What is needed is a faithful transcription of all the data below, pictures excluded.

---- RECORDED DATA

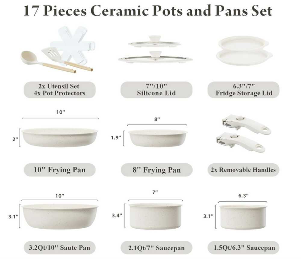 Material Aluminum Color Cream White Brand bazova Size 17-Pieces Ceramic Set Is Dishwasher Safe Yes About this item Healthy Ceramic Coating: Made of natural ceramic, our kitchen cookware set is Teflon-free and guarantees no PFAS, PTFE, PFOA, lead, or cadmium. Ideal choice for safety-conscious families, especially those with babies Effortless Storage: Save 70% kitchen space by neatly stacking pots and pans in cabinets or drawers; perfect for compact spaces, RVs and campers Innovative Detachable Handles: Transform pots with a "CLICK" into baking dishes, serving plates, or fridge storage, enhancing versatility. NOTE: The handle is made of bakelite and silicone, overheat will cause discolor or even burnt.Please detach it when you are not using it for fixing. Ultra Non-Stick Performance: Experience 5X superior non-stick cooking with minimal oil - food just slides off smoothly.No toxic fumes emitted, even when overheated. NOTE: using oil spray will damage the coating. Just add a small amount of butter or oil will be enough.Low to medium heat is suggested for better non stick performance. Easy Cleaning: While our cookware is dishwasher-safe for your convenience, we highly recommend handwashing. A simple rinse or quick wipe effortlessly removes any residue, ensuring your cookware remains spotless and maintains its pristine condition with ease Universal Cooktop Compatibility: Enlarged, thickened magnetic base ensures compatibility with all stovetops, including induction and oven; Crafted from recyclable aluminum ensures lightweight yet sturdy, and promotes rapid and even heating 17-Piece Set Includes: 1.5QT(6.3") & 2.1QT(7") saucepans, 8-inch & 10-inch frying pans, 3.2QT(10")sauté pan, 2 removable handles, 7-inch & 10-inch glass lids, 6.3-inch & 7-inch fridge lids, 4 pot protectors, silicone slotted turner & ladle Seamless mobility with a click – the removable handles provide flexibility, effortlessly transitioning cookware from stoves to the oven, grill, fridge, and finally to the dinner table. Servers as a frying pan, a dinner plate From Stove, To The Table Unlock the boundless potential of the cookware with its detachable handle – perfect for cooking on any stovetop or serving as elegant dinnerware on the table. or even a fridge container To The Refrigerator Store leftovers in the fridge with the included lids to minimize waste. Save 70% Space - Our cookware set is designed for perfect stacking in kitchen drawers, cabinets, cupboards, RVs, travel trailers and motorhomes. Important Tip- We suggest to detach the handle during cooking when you don't need it for fixing. This could greatly extend the lifespan of the handle. Ultra Smooth & Nonstick Easy Cooking Smooth interior makes it exceptionally nonstick - perfect for everyday cooking like pancakes, eggs, steaks, and fish. Please notice high temperature will damage the non stick coating. Clean with 5 Sec. Easy Cleaning Rinse or wipe clean - zero residue in 5 seconds. Alternatively, toss it in the dishwasher for time-saving convenience. Please notice disherwasher could damage the non stick coating in some conditions. Oven Safe Detach the handle for oven use. Let's whip up a delicious frittata! All Stoves Compatible Feature an enlarged and thickened bottom for rapid and even heating. The magnetic conductive bottom ensures compatibility with all stovetops, including induction. Sustainability features This product has sustainability features recognized by trusted certifications. Carbon impact Carbon emissions from the lifecycle of this product were measured, reduced and offset. As certified by ClimatePartner certified Product information Material Aluminum Color Cream White Brand bazova Size 17-Pieces Ceramic Set Is Dishwasher Safe Yes Material Type Free Cadmium Free, Perfluorooctanoic Acid (PFOA) Free,Perfluorooctane Sulfonate (PFOS) Free, PFAS Free, Polytetrafluoroethylene (PTFE) Free, Lead Free Compatibility Options Compatible Number of Pieces 1 Closure Material lid Included Components 1.5QT(6.3") & 2.1QT(7") saucepans, 8-inch & 10-inch frying pans, 3.2QT(10")sauté pan, 2 removable handles, 7-inch & 10-inch glass lids, 6.3-inch & 7-inch fridge lids, 4 pot protectors, silicone slotted turner & ladle Is Oven Safe Yes Item Volume 2.95 Liters With Lid Yes Manufacturer bazova UPC 199284844407 Manufacture Year 2024 Special Feature Induction Stovetop Compatible Package Dimensions 12.48 x 11.85 x 6.77 inches Item Weight 9.31 pounds ASIN B0CRSZ9MC5 Country of Origin China Item model number BZ101
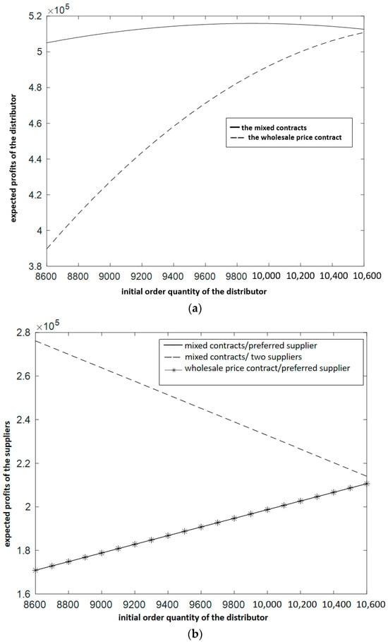 Figure 2. The relationships between the expected profits of members and initial order quantity of the distributor under different contracts. (a) The dealer’s expected profits. (b) The suppliers’ expected profits.
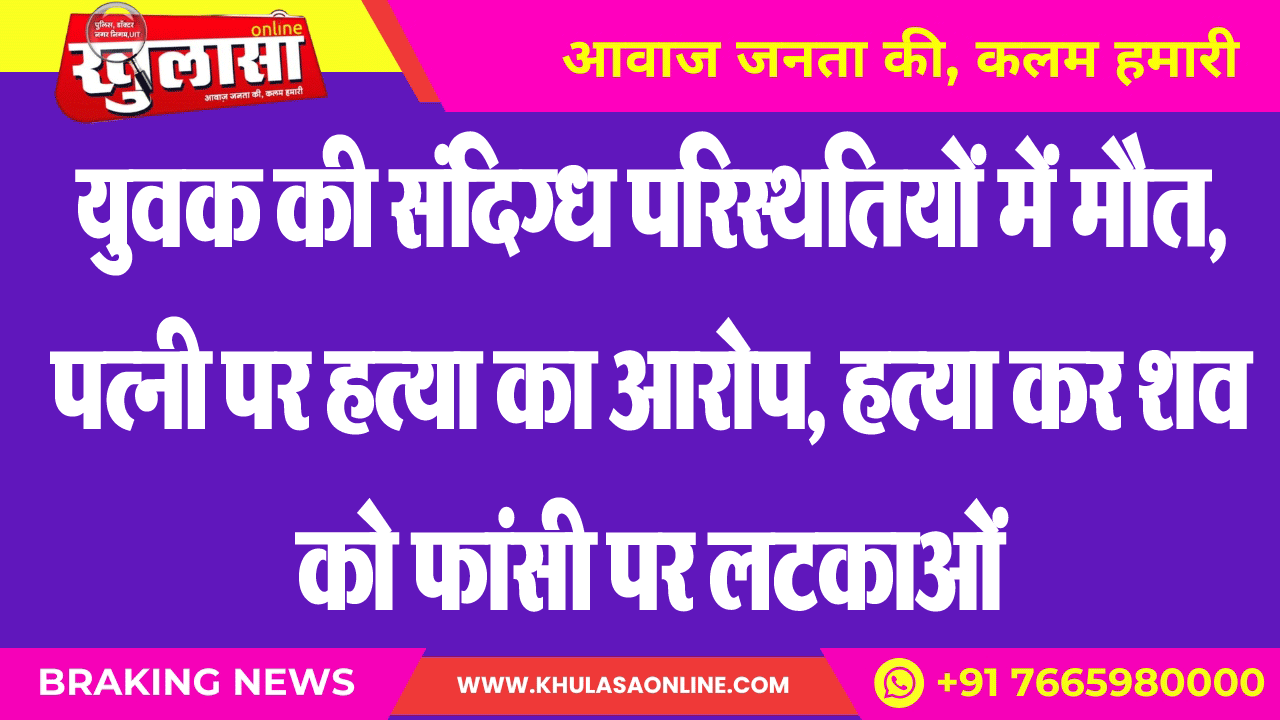 युवक की संदिग्ध परिस्थतियों में मौत, पत्नी पर हत्या का आरोप, हत्या कर शव को फांसी पर लटकाओं
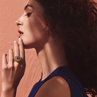 For mysterious and romantic natures, the French company produces charming jewelry from the Love collection. It is represented by flirty rings in a minimalist design, decorated with diamond placers and precious stones.

--------

# ANSWER SECTION
 Material Aluminum Color Cream White Brand bazova Size 17-Pieces Ceramic Set Is Dishwasher Safe Yes About this item Healthy Ceramic Coating: Made of natural ceramic, our kitchen cookware set is Teflon-free and guarantees no PFAS, PTFE, PFOA, lead, or cadmium. Ideal choice for safety-conscious families, especially those with babies Effortless Storage: Save 70% kitchen space by neatly stacking pots and pans in cabinets or drawers; perfect for compact spaces, RVs and campers Innovative Detachable Handles: Transform pots with a "CLICK" into baking dishes, serving plates, or fridge storage, enhancing versatility. NOTE: The handle is made of bakelite and silicone, overheat will cause discolor or even burnt.Please detach it when you are not using it for fixing. Ultra Non-Stick Performance: Experience 5X superior non-stick cooking with minimal oil - food just slides off smoothly.No toxic fumes emitted, even when overheated. NOTE: using oil spray will damage the coating. Just add a small amount of butter or oil will be enough.Low to medium heat is suggested for better non stick performance. Easy Cleaning: While our cookware is dishwasher-safe for your convenience, we highly recommend handwashing. A simple rinse or quick wipe effortlessly removes any residue, ensuring your cookware remains spotless and maintains its pristine condition with ease Universal Cooktop Compatibility: Enlarged, thickened magnetic base ensures compatibility with all stovetops, including induction and oven; Crafted from recyclable aluminum ensures lightweight yet sturdy, and promotes rapid and even heating 17-Piece Set Includes: 1.5QT(6.3") & 2.1QT(7") saucepans, 8-inch & 10-inch frying pans, 3.2QT(10")sauté pan, 2 removable handles, 7-inch & 10-inch glass lids, 6.3-inch & 7-inch fridge lids, 4 pot protectors, silicone slotted turner & ladle Seamless mobility with a click – the removable handles provide flexibility, effortlessly transitioning cookware from stoves to the oven, grill, fridge, and finally to the dinner table. Servers as a frying pan, a dinner plate From Stove, To The Table Unlock the boundless potential of the cookware with its detachable handle – perfect for cooking on any stovetop or serving as elegant dinnerware on the table. or even a fridge container To The Refrigerator Store leftovers in the fridge with the included lids to minimize waste. Save 70% Space - Our cookware set is designed for perfect stacking in kitchen drawers, cabinets, cupboards, RVs, travel trailers and motorhomes. Important Tip- We suggest to detach the handle during cooking when you don't need it for fixing. This could greatly extend the lifespan of the handle. Ultra Smooth & Nonstick Easy Cooking Smooth interior makes it exceptionally nonstick - perfect for everyday cooking like pancakes, eggs, steaks, and fish. Please notice high temperature will damage the non stick coating. Clean with 5 Sec. Easy Cleaning Rinse or wipe clean - zero residue in 5 seconds. Alternatively, toss it in the dishwasher for time-saving convenience. Please notice disherwasher could damage the non stick coating in some conditions. Oven Safe Detach the handle for oven use. Let's whip up a delicious frittata! All Stoves Compatible Feature an enlarged and thickened bottom for rapid and even heating. The magnetic conductive bottom ensures compatibility with all stovetops, including induction. Sustainability features This product has sustainability features recognized by trusted certifications. Carbon impact Carbon emissions from the lifecycle of this product were measured, reduced and offset. As certified by ClimatePartner certified Product information Material Aluminum Color Cream White Brand bazova Size 17-Pieces Ceramic Set Is Dishwasher Safe Yes Material Type Free Cadmium Free, Perfluorooctanoic Acid (PFOA) Free,Perfluorooctane Sulfonate (PFOS) Free, PFAS Free, Polytetrafluoroethylene (PTFE) Free, Lead Free Compatibility Options Compatible Number of Pieces 1 Closure Material lid Included Components 1.5QT(6.3") & 2.1QT(7") saucepans, 8-inch & 10-inch frying pans, 3.2QT(10")sauté pan, 2 removable handles, 7-inch & 10-inch glass lids, 6.3-inch & 7-inch fridge lids, 4 pot protectors, silicone slotted turner & ladle Is Oven Safe Yes Item Volume 2.95 Liters With Lid Yes Manufacturer bazova UPC 199284844407 Manufacture Year 2024 Special Feature Induction Stovetop Compatible Package Dimensions 12.48 x 11.85 x 6.77 inches Item Weight 9.31 pounds ASIN B0CRSZ9MC5 Country of Origin China Item model number BZ101
 Figure 2. The relationships between the expected profits of members and initial order quantity of the distributor under different contracts. (a) The dealer’s expected profits. (b) The suppliers’ expected profits.
 युवक की संदिग्ध परिस्थतियों में मौत, पत्नी पर हत्या का आरोप, हत्या कर शव को फांसी पर लटकाओं
 For mysterious and romantic natures, the French company produces charming jewelry from the Love collection. It is represented by flirty rings in a minimalist design, decorated with diamond placers and precious stones.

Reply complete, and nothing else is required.